Claude-Powered Markdown Wikis Beat RAG for Personal Knowledge
Andrej Karpathy's LLM wiki uses Claude to auto-organize raw markdown into linked, indexed notes—setup in 5 minutes, handles 100 docs/500k words, cuts token use 95% vs RAG by reading relationships instead of embeddings.
Setup Claude Wiki in 5 Minutes for Compounding Knowledge
Paste Karpathy's gist prompt into Claude Code (via terminal or VS Code) to initialize a vault: creates /raw for source docs, /wiki for organized output, index.md listing concepts/entities/sources/people/comparisons, log.md for operation history, and claude.md defining project rules. Use free Obsidian as visual frontend for graph view of backlinks/tags. Drop raw content (e.g., PDFs, web clips via Obsidian Web Clipper extension set to /raw) and command Claude: "Ingest file"—it chunks into 5-25 linked MD pages per article, extracts tags/authors/takeaways, builds relationships (e.g., one AI-2027 article yielded 23 pages: 1 source, 6 people, 5 orgs, 1 AI system, multiple concepts). Batch ingest scales: 36 YouTube transcripts in 14 minutes auto-linked tools like Claude Code/WAT framework across videos, revealing patterns without manual work. Customize via claude.md (e.g., flat structure for personal brain vs subfolders like /tools/ /techniques for YouTube wiki). Patiently wait 10-14 minutes per batch as Claude reasons on granularity/focus.

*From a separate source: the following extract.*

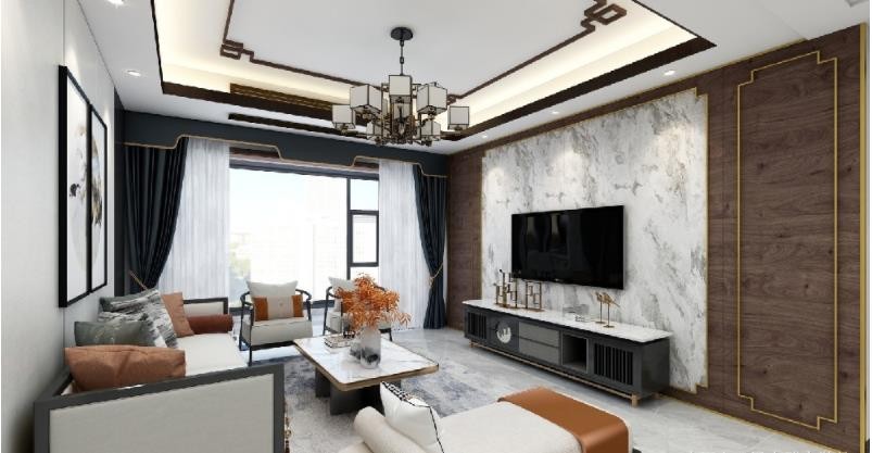 客厅继承了中国古典的设计元素,又融合了现代简约的设计风格

Query and Maintain for Deeper Insights Than Ephemeral Chat
Claude reads full wiki/index/log for queries, following links for context (e.g., click "OpenAI" from source to related model spec/psychology pages). Auto-maintains summaries/index, identifies gaps (e.g., "Fetch articles on compute scaling"), runs "lint" checks for inconsistencies/missing data via web searches/new connections. Add hot.md cache (500 chars recent updates) for agent efficiency. Relationships compound: backlinks connect video techniques to tools, enabling pattern discovery (e.g., MCP servers across 36 videos). Token savings hit 95% on 383 files/100+ transcripts—one user query dropped from massive context to compact wiki reads. Linting ensures scalability; log tracks every update.

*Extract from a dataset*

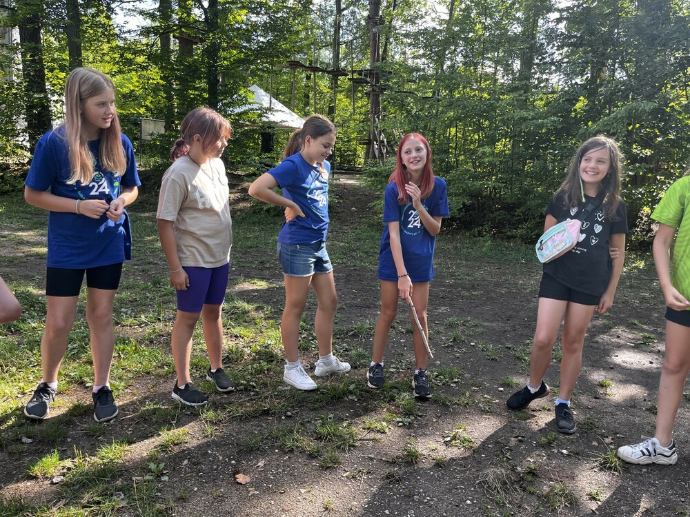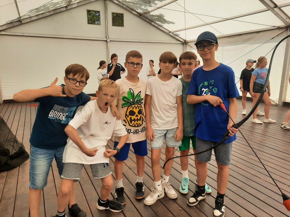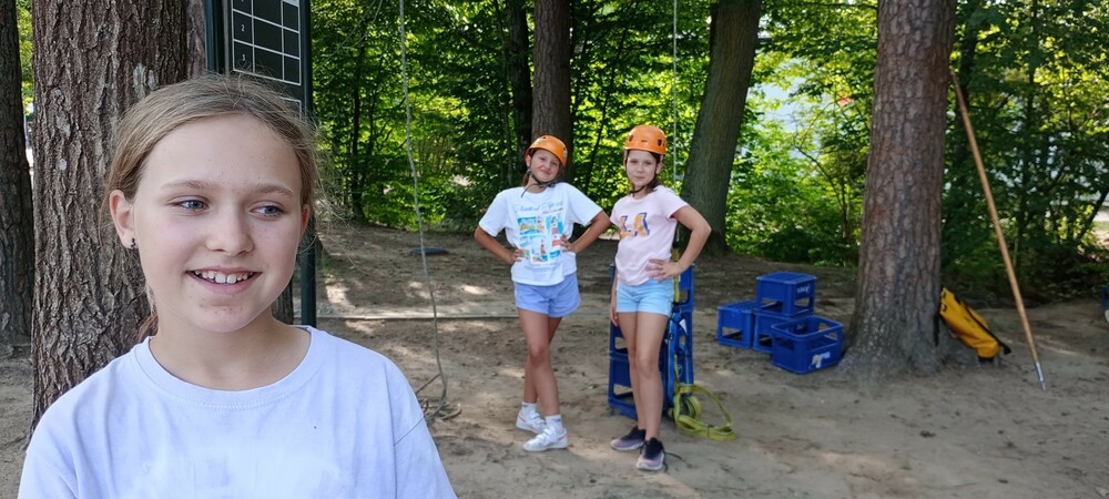 Kolejny wspaniały dzień za nami. Nasza pierwszą atrakcją były łuki. Na tych zajęciach poznaliśmy ich budowę oraz strzelaliśmy do celu. Każdemu z nas poszło świetnie. Następnie spędziliśmy czas na plaży, kąpiąc się w jeziorze oraz opalając na słońcu. Przed obiadem stoczyliśmy jeszcze walki sumo. Później ćwiczyliśmy swoją celność na strzelnicy paintballowej, strzelając z markerów do tarcz. Świetnie się też bawiliśmy na Akcji Integracji, podczas której mieliśmy okazję trochę bardziej się poznać. Pod koniec dnia byliśmy na atrakcji, na którą czekaliśmy od samego rana, czyli na parku linowym. To był niesamowity dzień pełen atrakcji, czekamy na kolejne.

Outperforms RAG for Small-Scale: Simpler, Cheaper, Relational
Skip vector DBs/embeddings/chunking—markdown files alone suffice for <500k words/100 docs, as LLM navigates explicit links/index vs similarity search. RAG needs ongoing compute/storage; wiki costs only ingest/query tokens (free infra). Deeper reasoning from relationships ("OpenAI links to governance/geopolitics") beats RAG's shallow chunks. Trade-off: scales poorly beyond small wikis (use RAG for massive corpora). Persists knowledge like "tireless colleague"—integrate via claude.md paths (e.g., executive agent reads /wiki/index/hot cache only if needed, avoiding always-on context bloat). Prompt Claude to build from high-level ideas ("Implement Karpathy's vague gist as my AI research brain"), customizing per use (YouTube vs personal).